Since the copy must hold text only, transcribe the data below exactly and omit the images.

PROVIDED DATA ::
===
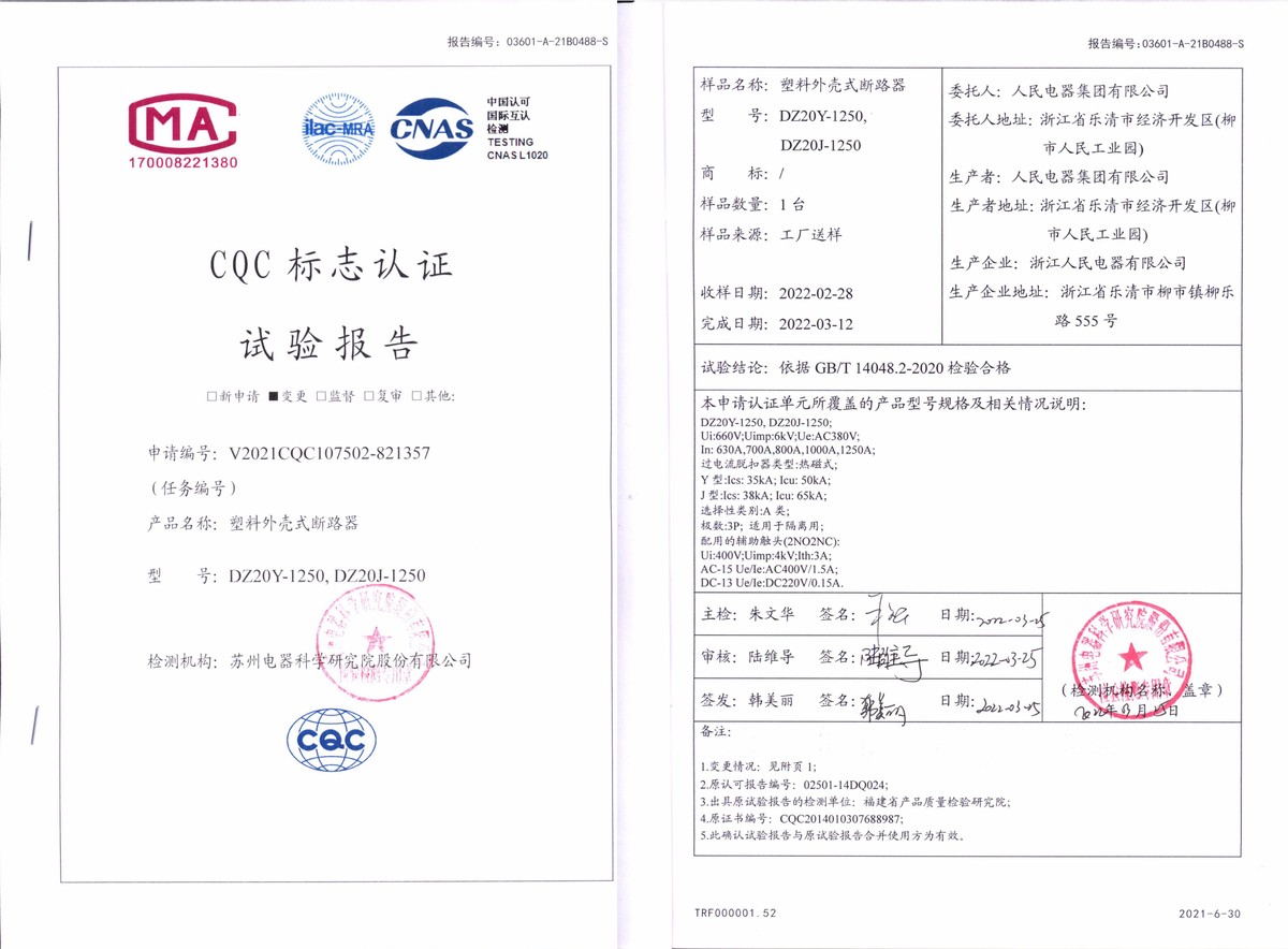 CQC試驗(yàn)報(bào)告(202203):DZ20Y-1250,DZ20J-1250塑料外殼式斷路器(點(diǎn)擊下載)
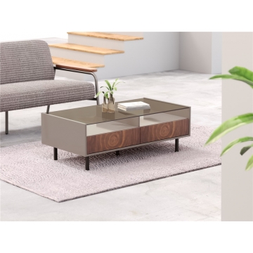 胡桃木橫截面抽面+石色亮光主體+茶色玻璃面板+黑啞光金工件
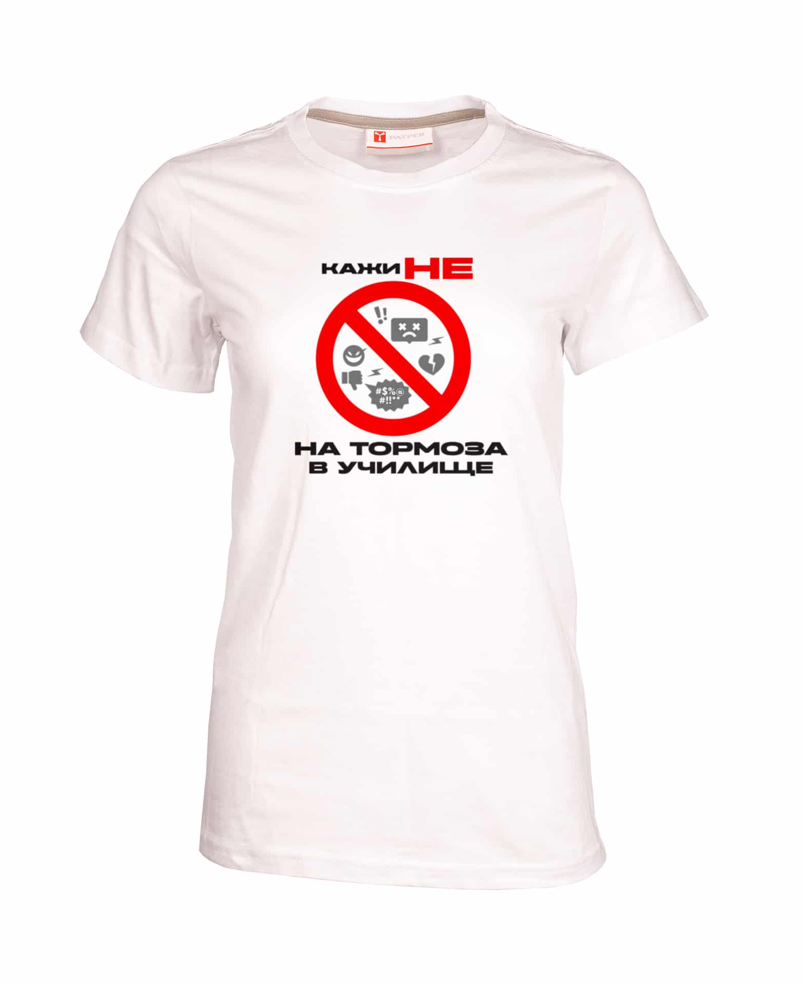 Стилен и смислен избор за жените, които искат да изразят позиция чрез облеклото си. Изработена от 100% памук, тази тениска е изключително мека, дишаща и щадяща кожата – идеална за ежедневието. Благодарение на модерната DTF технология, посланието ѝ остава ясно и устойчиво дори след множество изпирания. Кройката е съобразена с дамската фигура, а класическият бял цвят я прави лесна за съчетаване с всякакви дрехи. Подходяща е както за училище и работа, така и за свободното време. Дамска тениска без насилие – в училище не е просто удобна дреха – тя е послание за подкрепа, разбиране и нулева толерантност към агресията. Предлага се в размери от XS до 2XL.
===
SOLUTION FOR THIS PROBLEM ::
 CQC試驗(yàn)報(bào)告(202203):DZ20Y-1250,DZ20J-1250塑料外殼式斷路器(點(diǎn)擊下載)
 胡桃木橫截面抽面+石色亮光主體+茶色玻璃面板+黑啞光金工件
 Стилен и смислен избор за жените, които искат да изразят позиция чрез облеклото си. Изработена от 100% памук, тази тениска е изключително мека, дишаща и щадяща кожата – идеална за ежедневието. Благодарение на модерната DTF технология, посланието ѝ остава ясно и устойчиво дори след множество изпирания. Кройката е съобразена с дамската фигура, а класическият бял цвят я прави лесна за съчетаване с всякакви дрехи. Подходяща е както за училище и работа, така и за свободното време. Дамска тениска без насилие – в училище не е просто удобна дреха – тя е послание за подкрепа, разбиране и нулева толерантност към агресията. Предлага се в размери от XS до 2XL.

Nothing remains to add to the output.